The short chain fatty acids, especially butyric acid salts have interesting biological properties. In some cases, transformed cells can recover a normal phenotype and in animal, butyrate salts increase antitumor resistance. Butyrate may be considered as possibly useful for antitumor therapy. But these products exhibit two essential disadvantages which restrict their clinical use in man: high concentrations required to achieve therapeutic effects and rapid excretion with short half life. In order to optimize the clinical use of butyrate, we studied a n-butyric acid ester obtained with xylitol selected for its physiological and metabolic inertia. Structure determination of tributyryl xylitol was carried out by mass and NMR spectrometry (MW = 344). The low toxicity and the antitumor effects of this ester, especially in association with Corynebacterium parvum and interferon, confirm its therapeutic interest. The slow excretion of this prodrug should make butyrate clinical use easier by preventing extensive systemic metabolism and metabolic side-effects due to cations of butyrate salts.

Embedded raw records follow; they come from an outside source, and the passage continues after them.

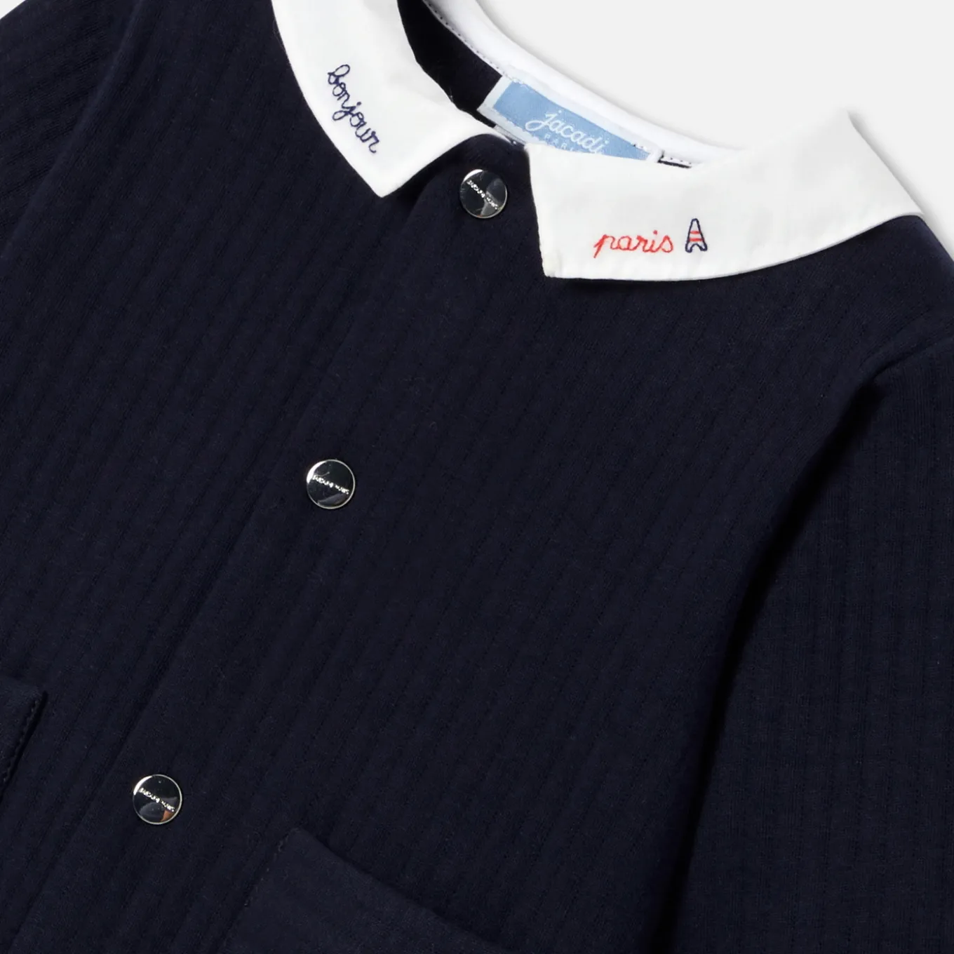 – Hand-embroidered poplin collar
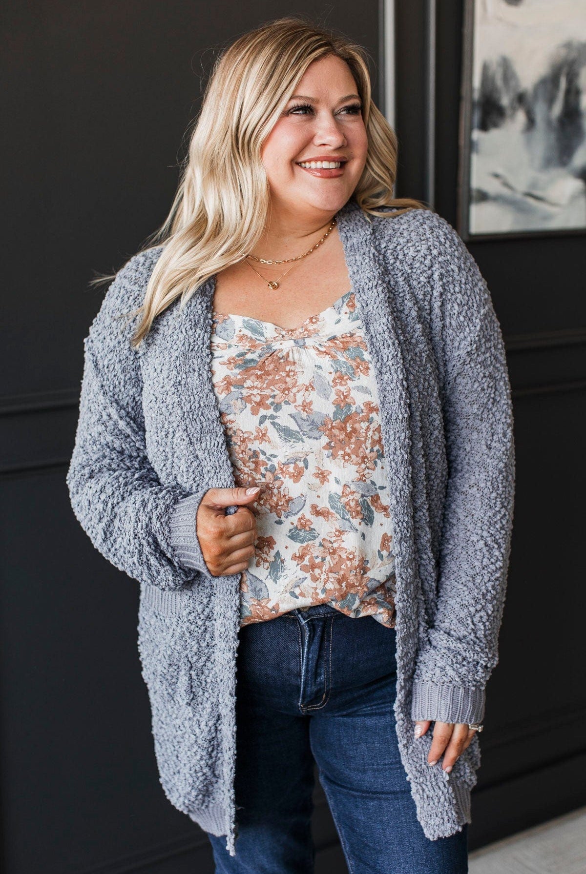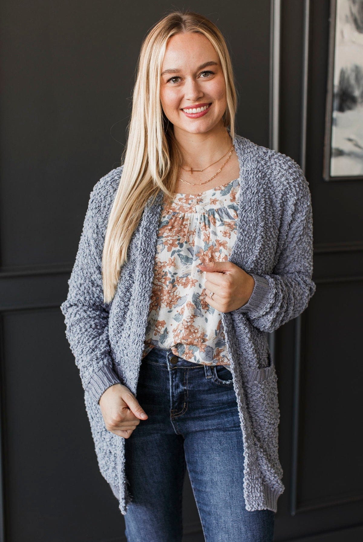 Movie Date Popcorn Knit Cardigan- Dusty Blue
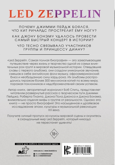 How did John Bonham manage to hold the fastest concert in history? What was the close bond between the band members and Princess Diana? "Led Zeppelin. The Most Complete Biography" is a fascinating journey through the life and work of one of the most influential rock bands in world music history. Rising to fame from their first album, they created a unique sound, blending English folk music, African-American blues and the raw power of hard rock. Their albums have sold more than 300 million copies worldwide, astounding fans and detractors alike with their success. Author Bob Spitz, a respected journalist, provides readers with a detailed account of the creative paths of Jimmy Page, Robert Plant, John Paul Jones and John Bonham, carefully separating the myths of the band from the reality. However, this book is more than just a biography. It is a rich and driving exploration of the era, culture, and musical revolution of the 20th century. Get a personal backstage pass to the world stage and delve into the scandalous world of Led Zeppelin, which will never cease to amaze.
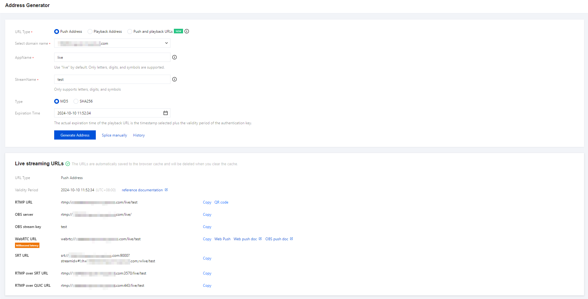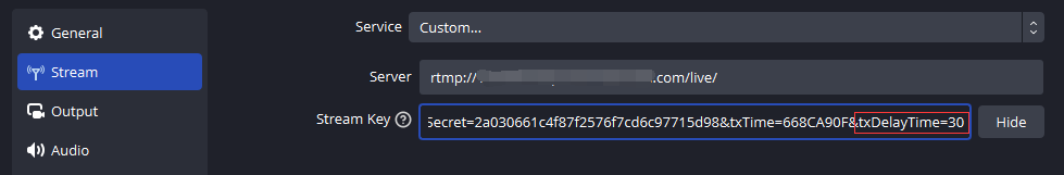 1. Log in to the CSS console, go to Tools > Address Generator, select Push Domain for Domain Type, and click Generate Address. 2. Add txDelayTime to the end of the push address, and push streams via OBS. For detailed directions, please see Push via OBS. Note:
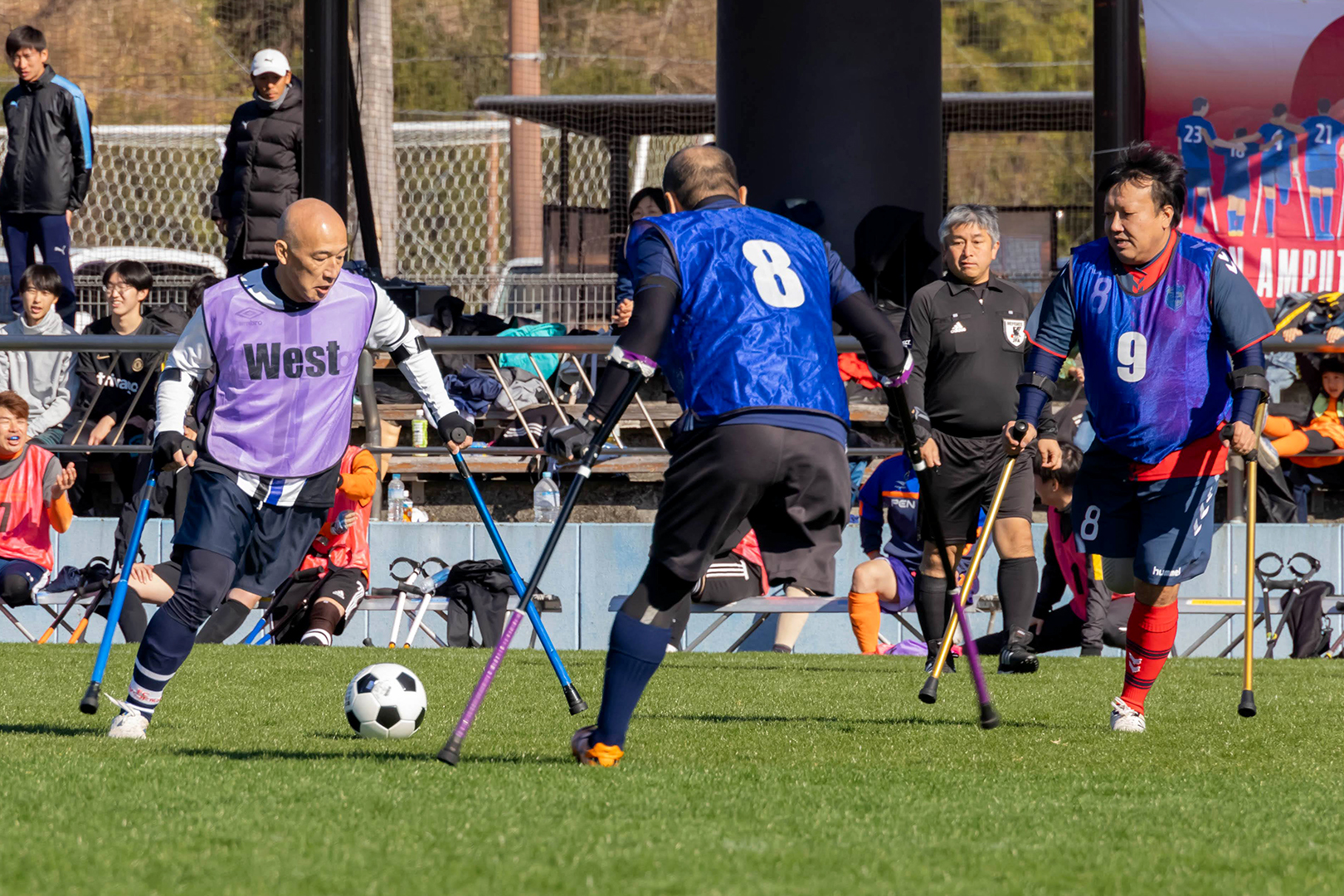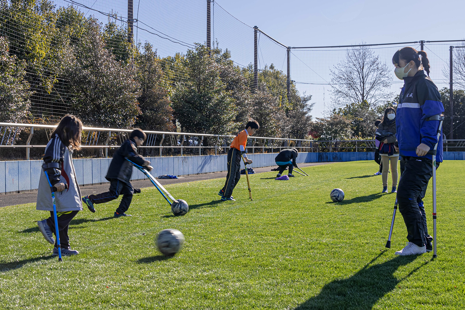 無料で借りられるクラッチを使って、走る・ドリブル・シュートなど、お子さんから大人までアンプティサッカーの楽しさ・難しさを体験できます。
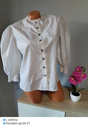 Ženska bela košulja sa puf rukavima - Veličina: L - Poluobim grudi (pp): 50–51 cm - Model: ravnog kroja, kopčanje napred dugmadima u kontrastnoj boji - Rukavi: dugi, naglašeno puf sa nabranim rame...
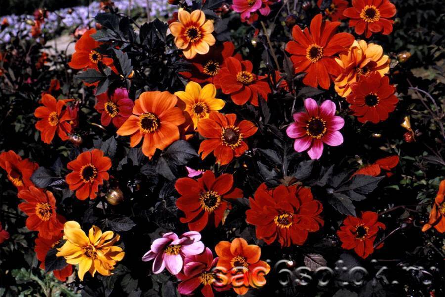 - Фигаро — невысокий однолетний георгин (до 45 см). На кусте формируется много пышных соцветий. Цветовая палитра отличается большим разнообразием.
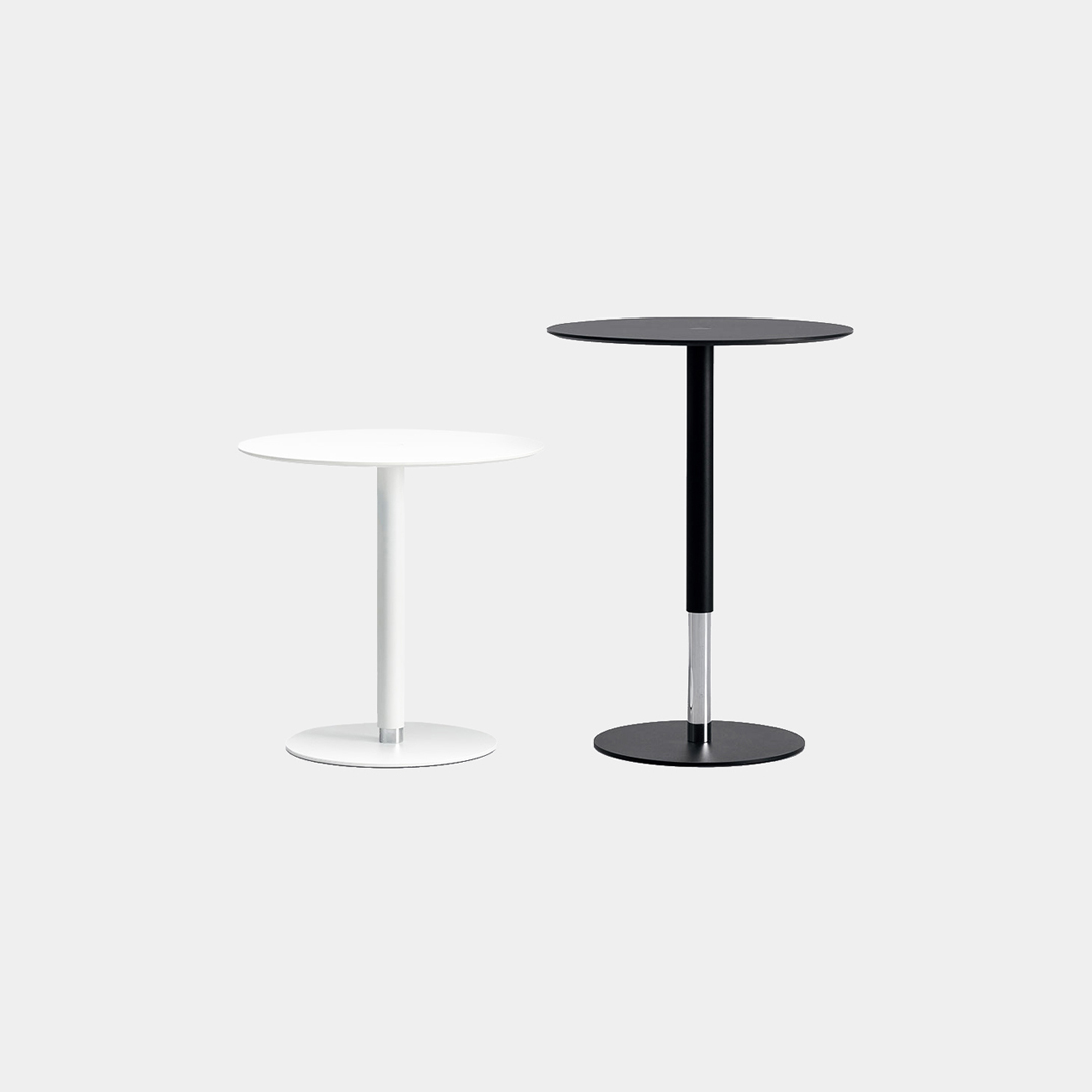 The name says it all (Push the Button): just press the button in the centre of the top to adjust the height of this occasional table. Ideal next to a sofa, it has a round top and base, held together by a central column that conceals a gas mechanism. This furnishing accessory is simple, minimalist and functional.
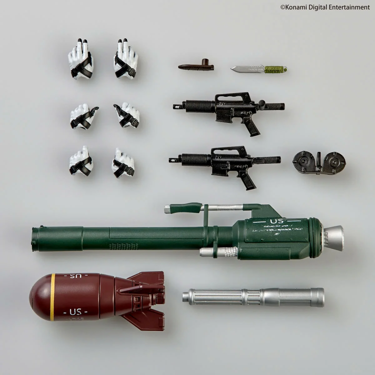 Der sowjetisch hergestellte Schleichanzug hat metallische Farbe, um die Textur des Spiels nachzubilden. Die einzigartige Ganzkörperbeweglichkeit ermöglicht realistische Posen, einschließlich Nahkampf (CQC) und realistischer Haltungen beim Umgang mit Schusswaffen. Die streng blickende Figur hat sogar bewegliche Augen! Ihr charakteristisches Sturmgewehr, das zu einer Pistole mit verkürztem Lauf umgebaut wurde, kann mit einem unbegrenzten Magazin ausgestattet werden. Ein Miniatur-Atomsprengkopf, ein Startgerät und ein Antriebsraketenmotor zum Abfeuern sind ebenfalls enthalten.
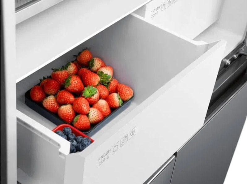 Funkcija T-temp omogućuje vam postavljanje jedne od 3 temperature jednim dodirom na elektroničkoj ploči. Na taj način možete osigurati da očuvate svježinu i teksture različitih namirnica stvaranjem idealnog okruženja. Također zadovoljava zahtjeve onih koji trebaju pohranjivati različite vrste hrane u velikim količinama.
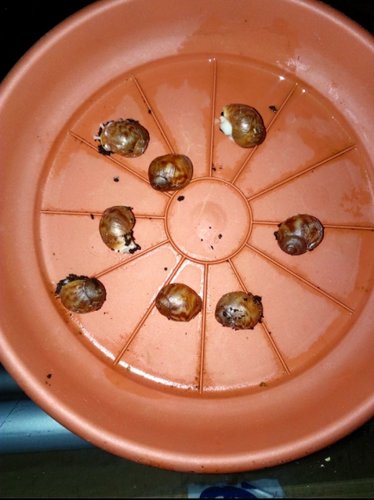 Kürbiskerne sind bei mir auch schon gekeimt und wurden von den meisten gefressen. Die Kresse von den Archachatina nicht, die Lissas haben den Rasen gemäht
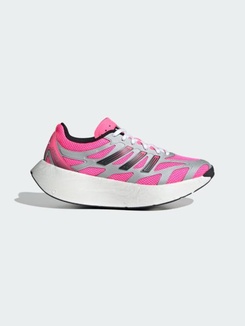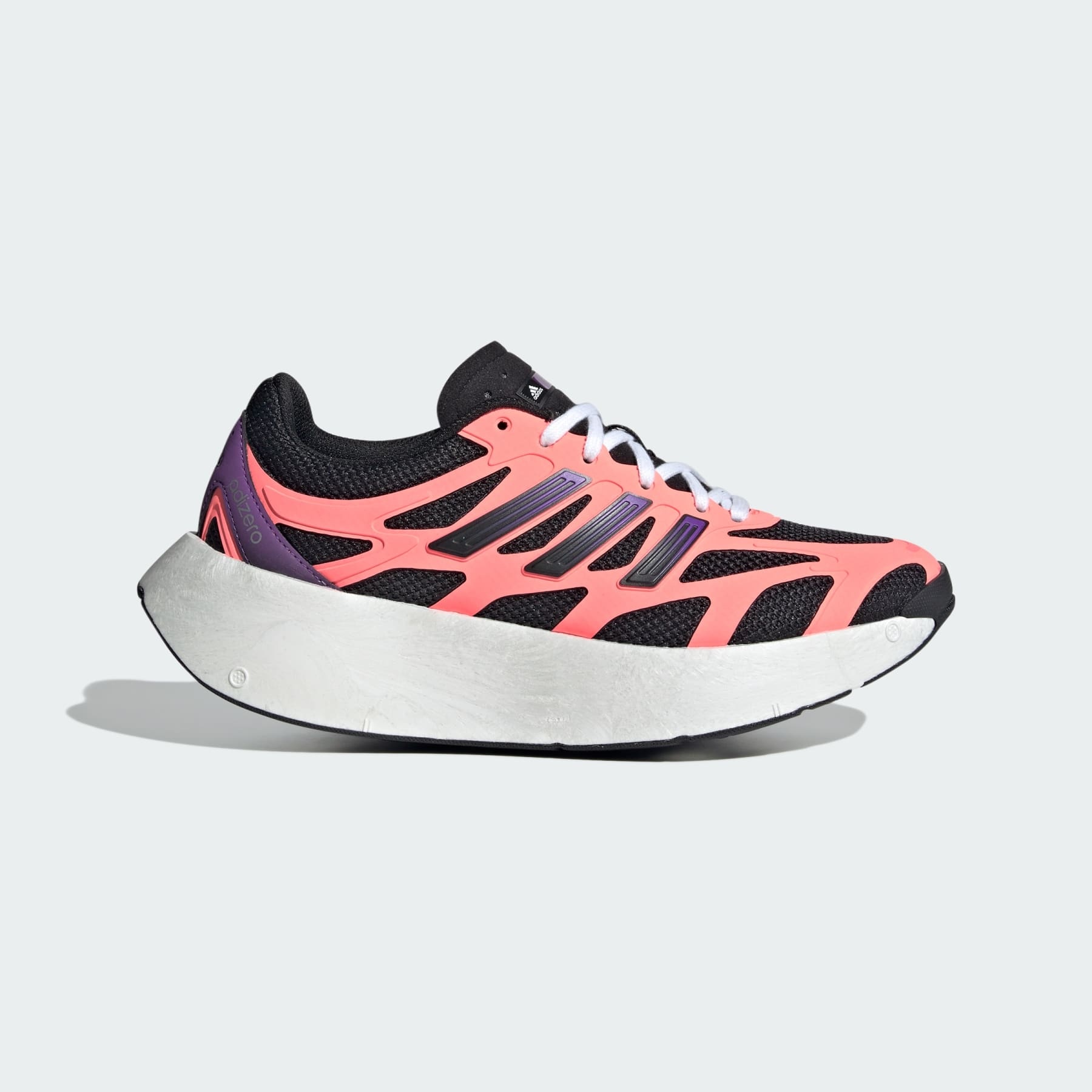 Lifestyle shoes inspired by an '00s racer. Channel the '00s with the Adizero Aruku Shoes, inspired by a favorite running shoe from the Adizero archives. These lifestyle sneakers are designed around the notion of perpetual motion, with a rocker shape and soft Swirlfoam cushioning. Let the retro-inspired silhouette and minimal branding speak for themselves as you chase the horizon in sporty style and comfort. For those always on the move, these shoes become a natural extension of the journey. Details - Regular fit - Lace closure - Textile and synthetic upper - Textile lining - Rubber outsole - Imported - Product code: JP5567 - Product color: Core Black / Active Purple / Signal Coral

短链脂肪酸,尤其是丁酸盐具有有趣的生物学特性。在某些情况下,转化细胞可恢复正常表型,在动物中,丁酸盐可增强抗肿瘤抵抗力。丁酸盐可被认为可能对抗肿瘤治疗有用。但这些产品存在两个基本缺点,限制了它们在人体中的临床应用:达到治疗效果所需的浓度高,且半衰期短、排泄快。为了优化丁酸盐的临床应用,我们研究了一种用木糖醇获得的正丁酸酯,选择木糖醇是因其生理和代谢惰性。通过质谱和核磁共振光谱法(分子量 = 344)对三丁酰木糖醇进行了结构测定。该酯的低毒性和抗肿瘤作用,尤其是与短小棒状杆菌和干扰素联合使用时,证实了其治疗价值。这种前药的缓慢排泄应能通过防止丁酸盐阳离子引起的广泛全身代谢和代谢副作用,使丁酸盐的临床应用更容易。